I have just had a really crappy couple of days. Well... yesterday had a lot of crappy moments (though of course some good points)... and so far today is not looking so hot either. I hope things turn around though... I really do.
And the day started SO early, so it is just dragging on. Though I never really wish for any days to go by faster than they naturally do because I enjoy every moment I can get with my angels... today, though... has already been a long day... and it is not even 11 am yet. My baby boy decided to wake up at 5 am this morning. Normally, the earliest he gets up is at 7 am. So.. my body is a little extra tired... what is he doing now? He is sound asleep on the floor at my feet. (I took a picture and put it in my picture link thing at the bottom of the entry.) I was hoping he would wait until 11:30 to nap for the day... but he did not make it. Maybe I will be a really mean mommy and wake him up in a moment to see if I can get him to not "really" nap for a bit longer. (*edited at 2 pm due to not being able to immediately post it because of diaryland's major meltdown - he woke up right after I finished typing this, and was REALLY unhappy so I took him to his room... where he complained for a good 20 minutes before finally going back to sleep... though now he is still sleeping.) I have high hopes anyway. To add to the sleepy, cranky baby syndrome, he is also finally getting bottom tooth number 4. I can feel part of its sharp little edge through the gum... so I hope the rest makes it out by tonight.
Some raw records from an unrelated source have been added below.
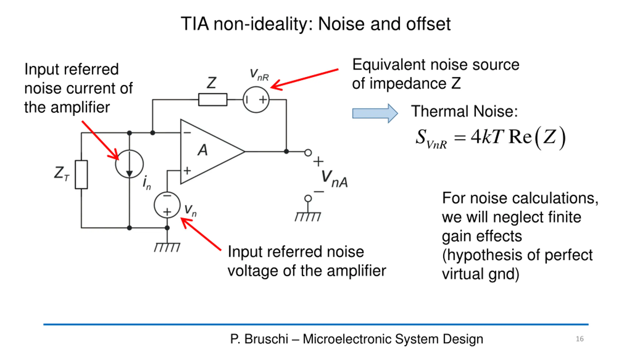 TIA non-ideality: Noise and offset Equivalent noise source of impedance Z Input referred noise current of the amplifier Thermal Noise: S = ( ) Z 4 Re kT VnR For noise calculations, we will neglect finite gain effects (hypothesis of perfect virtual gnd) Input referred noise voltage of the amplifier P. Bruschi Microelectronic System Design 16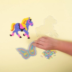Gestalten Sie farbenfrohe Bilder aus Bügelperlen mit den praktischen PLAYBOX-Steckplatten. Das transparente Material ermöglicht es, eine Vorlage unter die Platte zu legen (nicht im Lieferumfang enthalten) und bequem danach zu arbeiten. Das Set enthält zwei beliebte Formen – Schmetterling und Pferd – die kleine wie große Kreative begeistern.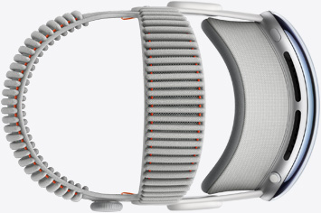 Side view of Apple Vision Pro, aluminum alloy frame, assembled with Light Seal, Audio Straps, and Dual Knit Band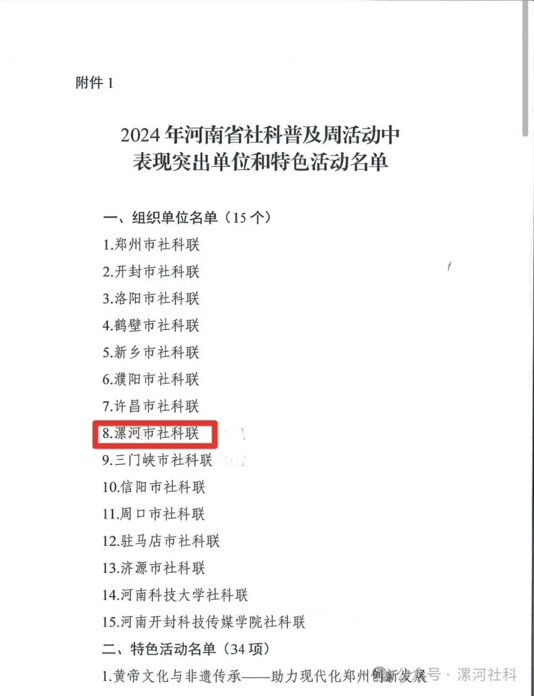 近日,河南省社科聯下發《關于表揚2024年社科普及活動中表現突出單位、個人和特色活動的通報》,我市6個社科組織、16名個人、8個活動項目獲得表揚。

That probably caused the poor little guy to get up so early too.
And I had a ruff morning with my husband. I had noticed recently the spyware program I put on the computer... he has figured out how to turn off. And that just really pisses me off. I had figured I would ignore it.. but for whatever reason this morning I just let lose about it... and he started in with his nonsense crap about how *I* am wrong and it just got ugly. The bottom line is simple: If he had nothing to hide, he would not care what I record. But he takes a self righteous attitude (and gets that eat shit look on his face) about it that frankly, disgusts me. I am just to tired to deal with it right now though, so he will sit there in his overjoyed senseless glory and think he "won"... when he merely just put bricks back up in the wall I have been working so hard to destroy. I hope he is proud of himself.
The cherry on top - he won't even be home for Valentines Day. Not as in he has to work... that I expected... he will not even be in town. His going to the corporate office thing we have known was coming "sometime" in the future... and first off is not just one or two days... it is 4, and he will leave Sunday the 13th, and come back on the 17th. And this does not even bother him. Of course, I guess I should expect it, he has never cared much for Valentine's Day anyway... always spewing the "every day should be Valentine's Day" line at me and it should... but damn it I happen to enjoy it (the one "extra" special day).. and he has never cared about that at all. And never, ever made a big deal about it for me. And it means even more to me now that I have children and he still just doesn't care. The best Valentine's Day he ever gave me was when I was pregnant with my daughter... and well... we know what started happening right after that so I have simply tried to remove it from my memory... I just wanted a "real" Valentine's Day...
Of course he will argue he "has" to go to get his certification and such... and would I rather postpone that, therefore postponing his bonus eligibility which we REALLY need him to have right now... so I am simply screwed.
I am just really tired... and I really feel like shit - mentally and physically run down. So... if anything else "bad" or "drag me down" is going to happen anytime soon... hopefully it can just all happen today to get it the hell out of the way.
Just a quick update, now that I can FINALLY post this entry, I am feeling a bit better than I was earlier today.